NVCC Compiles incorrect code when using lambdas (and optimises away the kernel)

Hi,
I have encountered a bug with nvcc where it compiles C++ code that violates const correctness and should result in a compiler error. Furthermore, the cuda kernel that results is a no-op.

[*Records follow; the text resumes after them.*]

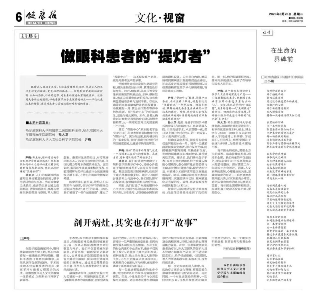 尹梅:孙主任,眼科患者的诊治和照护有什么特殊性?您和团队如何将人文关怀的星火精准投映到每位患者心间,照亮这段特殊的“黑暗旅程”?
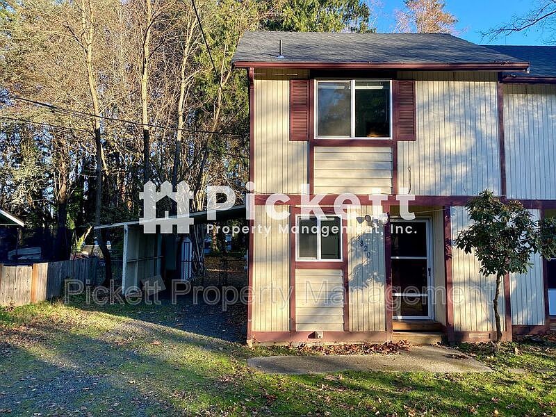Spacious 2 bed, 1.5 bath duplex with huge yard! Great location for access to Highway 3, Naval Hospital Bremerton, and easy commute to bases. The main level is the combination living and dining room, along with a half bath, kitchen features all new appliances. Upstairs are both bedrooms, a full bath, and a utility closet with washer and dryer hookups. Fully fenced backyard with carport. The home is on a septic system and there is an additional $25 charge per month in lieu of a sewer bill. Water paid by owner. Small pet possible with approved pet screening, additional $500 deposit, and $35 monthly pet rent, both per pet. Please note - The fireplace cannot be used at this time. All Pickett Property Management residents are enrolled in the Resident Benefits Package (RBP)! For just $25 per month, residents can enjoy exclusive benefits including credit building to boost their credit score with timely rent payments, up to $1M in Identity Theft Protection, our top-notch resident rewards program, and much more! Residents can enhance their RBP by adding rental insurance that meets the Pickett requirements plus more for a flat $11.95 per month, and on-demand pest control for an additional $17/month. Pickett Property Management does not accept comprehensive reusable reports. Amenities: electric stove, dishwasher, refrigerator, washer and dryer hookups, electric baseboard heat, fenced backyard, small pet possible, driveway, 1 car carport
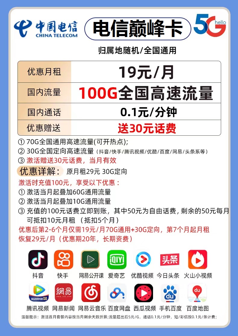 电信巅峰卡19元包70G通用流量+30G定向流量+通话0.1元/分钟
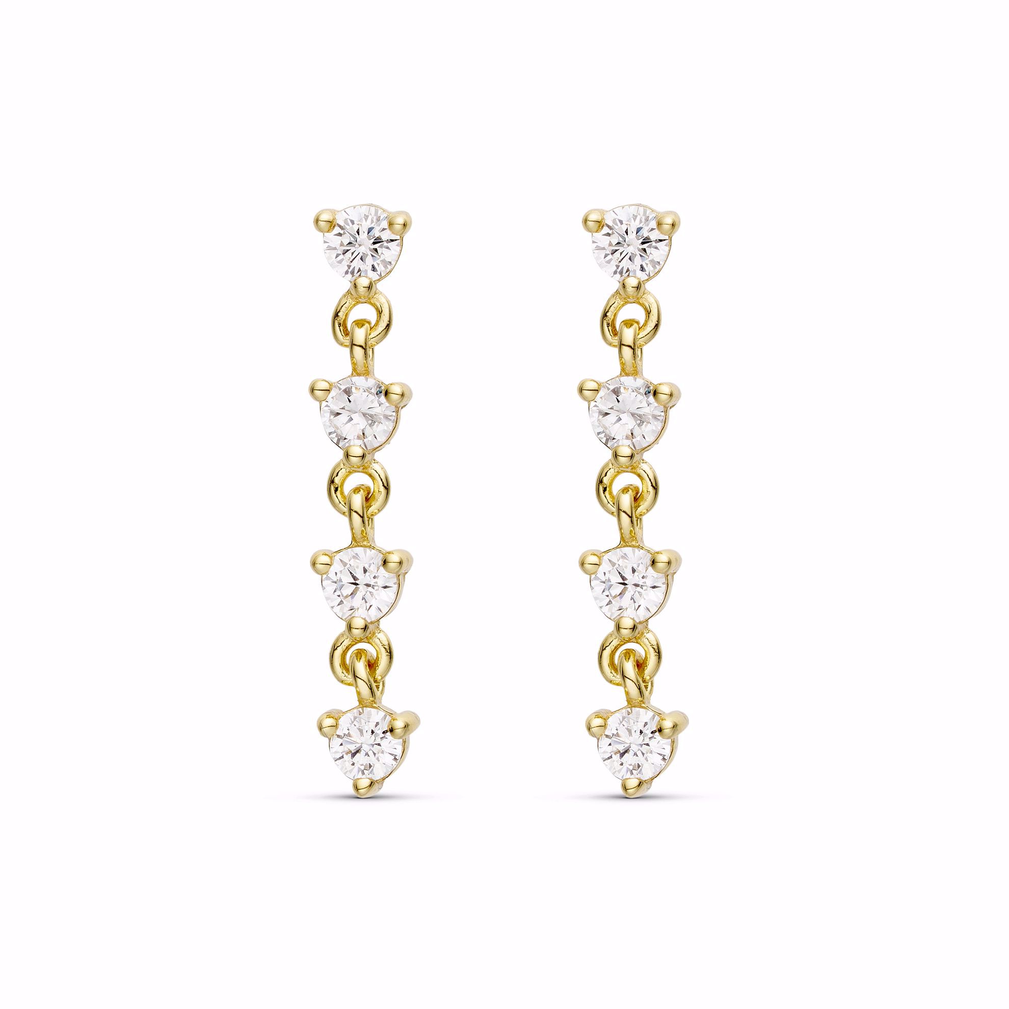 Disse hænge øreringe fra Seville Jewelry er lavet i forgyldt 925 sterling sølv og sat med fire klare zirkonia i en lodret række. De små led mellem stenene giver en let bevægelse, og formen gør dem velegnede både til hverdagsbrug og til mere festlige anledninger. Længden er 1,8 cm.
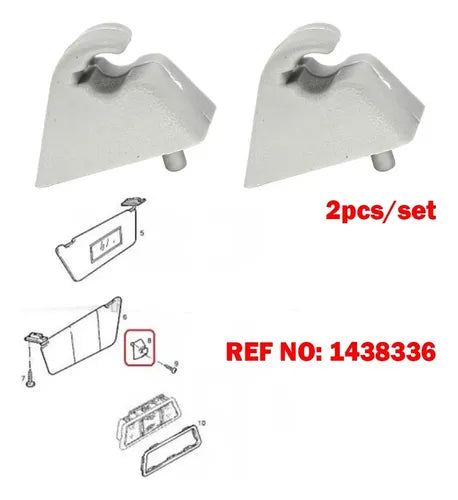 Juego de 2 clips de visera en color gris, diseñados como repuesto directo para varios modelos Opel, Vauxhall y Chevrolet. Fabricados en plástico resistente, ofrecen durabilidad, ajuste preciso y fácil instalación.
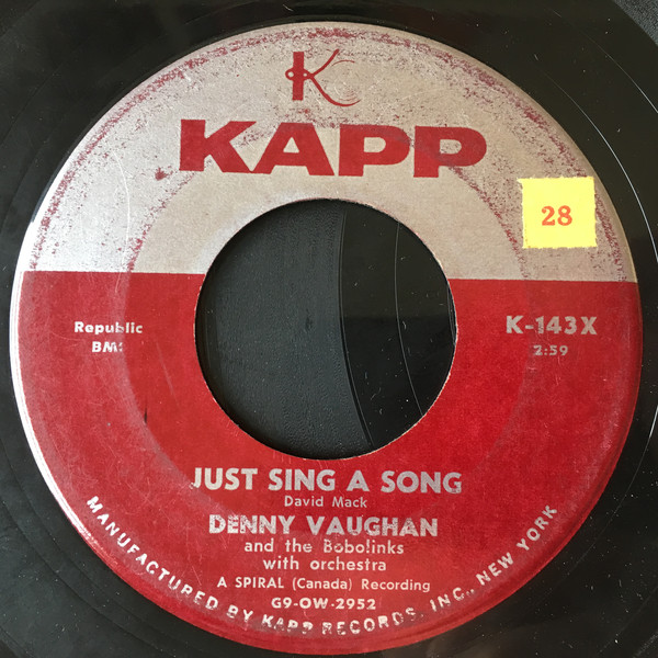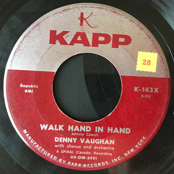 04 56....K-143X....DENNY VAUGHAN with chorus and orchestra..Walk Hand In Hand (G9 OW 2951)/DENNY VAUGHAN and the Bobolinks with orchestra..Just Sing A Song (G9 OW 2952) (CDN: SPIRAL 7)
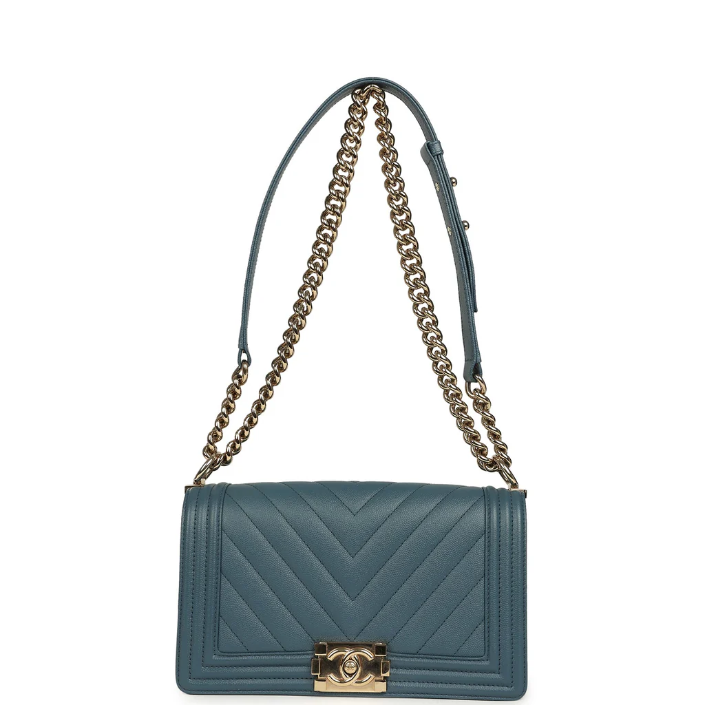 You're viewing: Chanel Medium Chevron Boy Bag Blue Caviar Light Gold Hardware $3,899.00
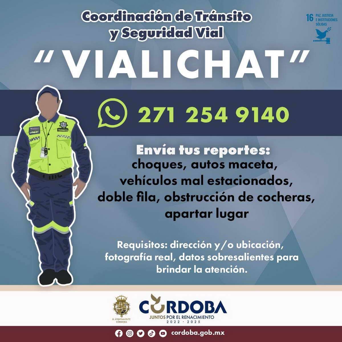 Córdoba, Ver., (12 de noviembre de 2022).- La Dirección de Protección Ciudadana y Movilidad pone a disposición de la ciudadanía el “Vialichat”, donde podrán reportar al número 271-254-9140 choques, autos maceta, vehículos mal estacionados y todo lo relacionado a Tránsito y Seguridad Vial de Córdoba.
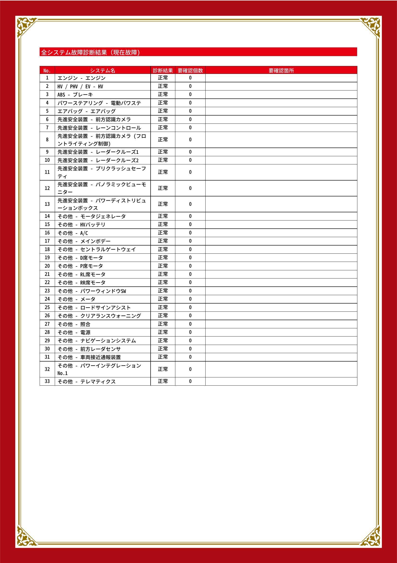 | 保証項目 | 3ヶ月・3000km以内ならエンジン、トランスミッション、ハイブリッド、ステアリング、ブレーキの各機構における主要項目を無償修理(または交換)いたします。 |
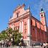 The Franciscan Church of the Annunciation is a baroque parish church at Prešeren Square featuring a distinctive salmon-pink facade with two bell towers. Its interior follows a basilica layout with a central nave and small side chapels.
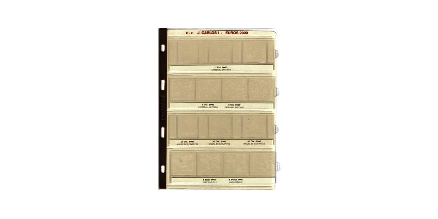 Hoja especifica para alojar las 8 piezas Euro acuñadas en 2000. Lomo reforzado
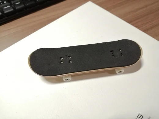 Многого не ожидал, конечно, и трещинка (куда ж без неё) на деке, и не сильно эстетичный вид после наклейки гриптейпа смущали, но работает ведь! Например, ollie выполнять куда проще, чем на аналогичном, но оригинальном techdeck, уж не знаю, с чем связано, с подшипниками или с материалом гриптейпа, но факт. Уж не знаю, на сколько его хватит, но за свою цену - роскошный)

Here’s a reproducer (to build with --extended-lambda --save-temps):

// Some user defined type
struct s {
  int i;
  float f;
};

// Pointer wrapper class
template <typename T> struct my_span {
private:
  T *__restrict ptr_;
  uint32_t size_;

public:
  my_span(T *ptr = nullptr, uint32_t size = 0) : ptr_(ptr), size_(size) {}
  __host__ __device__ inline T &at(uint32_t x) { return ptr_[x]; }.     // non-const accessor
  __host__ __device__ inline T at(uint32_t x) const { return ptr_[x]; } // const accessor
};

// CUDA kernel template that takes a __device__ lambda and runs it over some indices
template <typename T> __global__ static void kernel_runner(size_t n, T kernel) {
  auto gid = threadIdx.x + blockIdx.x * blockDim.x;
  if (gid < n) {
    kernel(gid);
  }
}

// Function template to dispatch the lambda to the GPU
template <typename T> static void launch_lambda_kernel(size_t N, T &&kernel) {
  kernel_runner<<<(N + 1023) / 1024, 1024>>>(N, kernel); // 
}

int main() {

  auto in = my_span<s>{}; // Compiles if the lambda is mutable or not, but produces null kernel if kernel not mutable (but shouldn't compile first).
  launch_lambda_kernel(1000000, [=] __device__(int x)  { 
      in.at(x) = in.at(x + 1); 
   });
   


  auto in_f = my_span<float>{};
  launch_lambda_kernel(1000000, [=] __device__(int x) mutable  {  // doesn't compile without mutable, as expected
      in_f.at(x) = in_f.at(x + 1); 
   });


  return 0;
}

This code in order to be correct requires the lambda function to be marked mutable because the method used in the assignment .at(x)= is not const. When the type of the pointer is some fundamental type like float, nvcc behaves correctly and refuses to compile the code if mutable is missing. However, if T is struct s, then if compiles and generates an empty kernel. If mutable is present, the generated code is correct.

nvcc -V: release 11.5, V11.5.119

Best regards,
Michel